Except for these slight differences, the formal treatment of the poet’s features is quite similar to that of the many male portraits done by Bartolini, both before and after that of Byron. For example, constant elements of his portraiture, evident above all in the plaster models, are the deep-set cut of the eyes and the very firm cut of the lips; and again the treatment of the hair, always more summary in the models compared to the respective versions in marble (see, among the many possible examples of male portraits, those in plaster of Francesco Benedetti, Govan Battista Niccolini, Rossini, Pius IX in the catalogue Lorenzo Bartolini 1978, respectively on pp. 70, 81, 85, 90).

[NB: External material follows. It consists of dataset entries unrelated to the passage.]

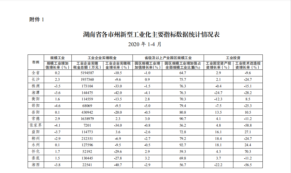 根据《湖南省新型工业化主要指标通报制度》(湘推新工办〔2014〕7号)文件精神,现将 2020 年 1-4 月全省新型工业化主要指标完成情况通报如下:
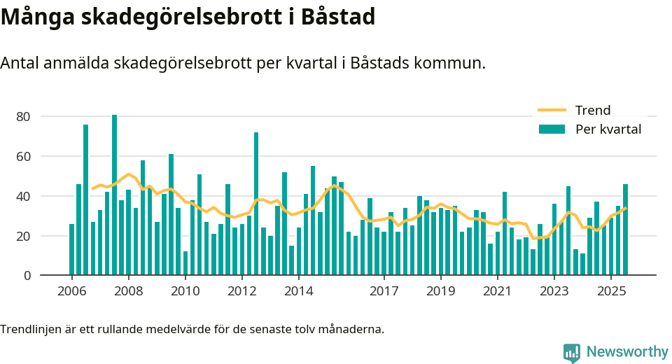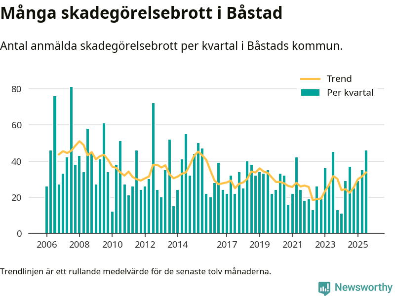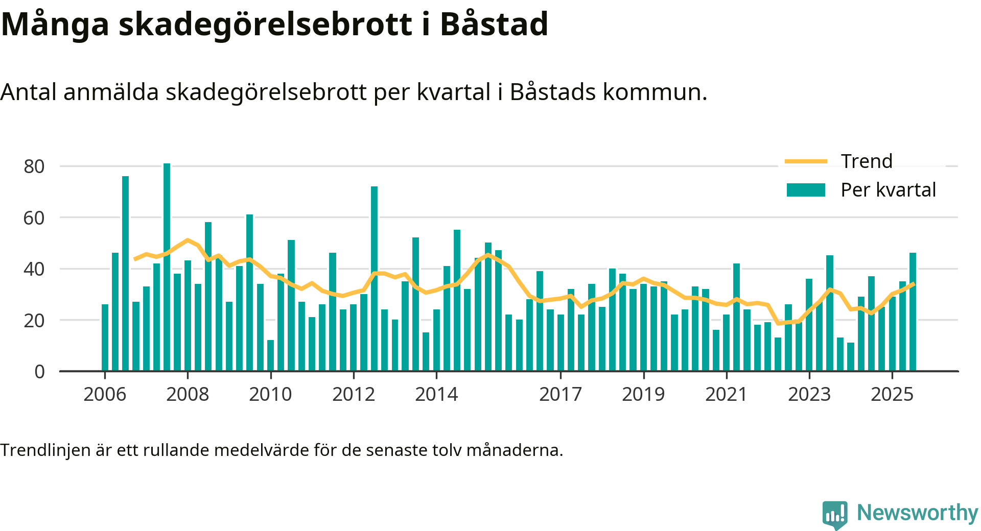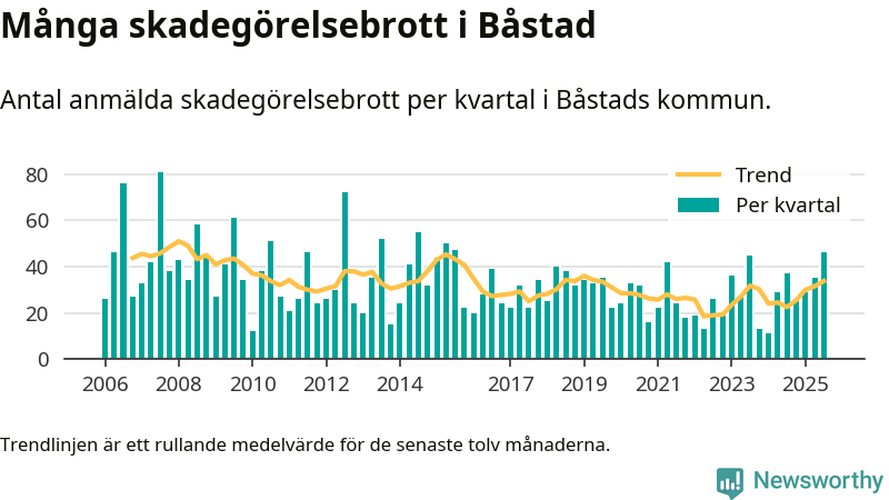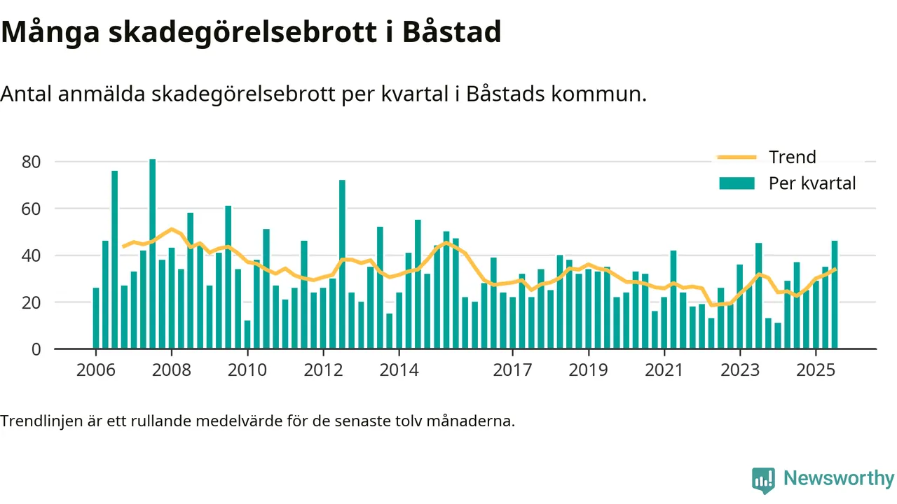 I snitt har det sedan 2006 anmälts 34 skadegörelsebrott per kvartal i Båstads kommun. Flest anmälningar under ett enskilt kvartal noterades det tredje kvartalet 2007 (81 stycken).
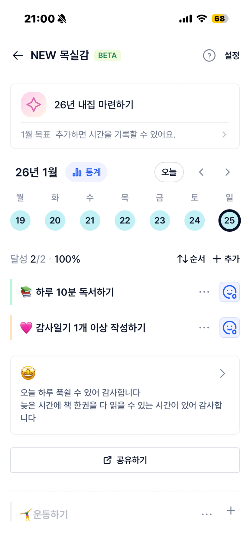 목실감 실천은 꾸준히 진행할것이다
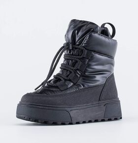 Зимние сапожки-дутики на молнии легко надевать, а шнурок с фиксатором препятствует попаданию снега внутрь обуви.
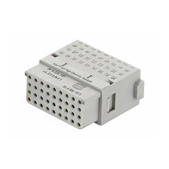 This is manufactured by HARTING. The manufacturer part number is 09140363101. It is assigned with possible HTSUS value of 8536.69.8000. The product is rohs3 compliant. Moreover, it has crimp terminal style. The product also features robust polycarbonate (pc) housing material. The product has -40°c ~ 125°c operating temperature range. The product carries possible position value of 36. Moreover, the product has a nominal 32v voltage rating. In addition, it is reach unaffected. It carries ul94 v-0 of material flammability rating. It is shipped in bulk. In addition, female is the available "Gender" of the product. module without contacts Connector type offer robust functionality. Its typical moisture sensitivity level is 1 (unlimited). It has a long 8 weeks standard lead time. Additionally, the product's output is 4a It has a classic gray colour. The product han-modular®, is a highly preferred choice for users. The product is designated with the ear99 code number Moreover, it corresponds to 09140363, a base product number of the product.
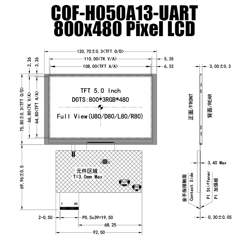 體驗(yàn)COF-H050A13-UART-A01 5.0英寸智能串行屏的卓越視覺性能和可靠性。其具有日光可讀性、寬溫度范圍和用戶友好的界面,使其成為需要緊湊高質(zhì)量顯示的各種項(xiàng)目的優(yōu)秀選擇。
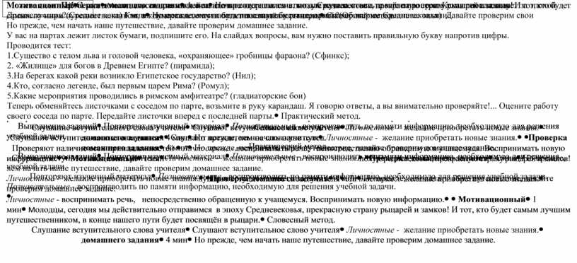 Но прежде, чем начать наше путешествие, давайте проверим домашнее задание. У вас на партах лежит листок бумаги, подпишите его. На слайдах вопросы, вам нужно поставить правильную букву напротив цифры. Проводится тест: 1.Существо с телом льва и головой человека, «охраняющее» гробницы фараона? (Сфинкс); 2. «Жилище» для богов в Древнем Египте? (пирамида); 3.На берегах какой реки возникло Египетское государство? (Нил); 4.Кто, согласно легенде, был первым царем Рима? (Ромул); 5.Какие мероприятия проводились в римском амфитеатре? (гладиаторские бои) Теперь обменяйтесь листочками с соседом по парте, возьмите в руку карандаш. Я говорю ответы, а вы внимательно проверяйте!... Оцените работу своего соседа по парте. Передайте листочки вперед с последней парты. |

For the reasons given, therefore, the work is important testimony of the start of the process of making one of the most significant portraits done by Bartolini, and at the same time is truly rare in its material characteristics, making it a unicum among the sculptor’s works.

 

Ettore Spalletti

 

Lorenzo Bartolini 1978

Lorenzo Bartolini. Mostra delle attività di tutela, exhibition catalogue, (Prato February-May 1978), Florence 1978.

 

Lorenzo Bartolini 2011

Lorenzo Bartolini, scultore del Bello Naturale, exhibition catalogue (Florence 31 May – 6 November 2011) edited by F. Falletti, S. Bietoletti, A. Caputo, Firenze 2011.

 

Medwin 1824

Thomas Medwin, Conversations of Lord Byron noted during a residence with his Lordship at Pisa in the years 1821 and 1822, London 1824.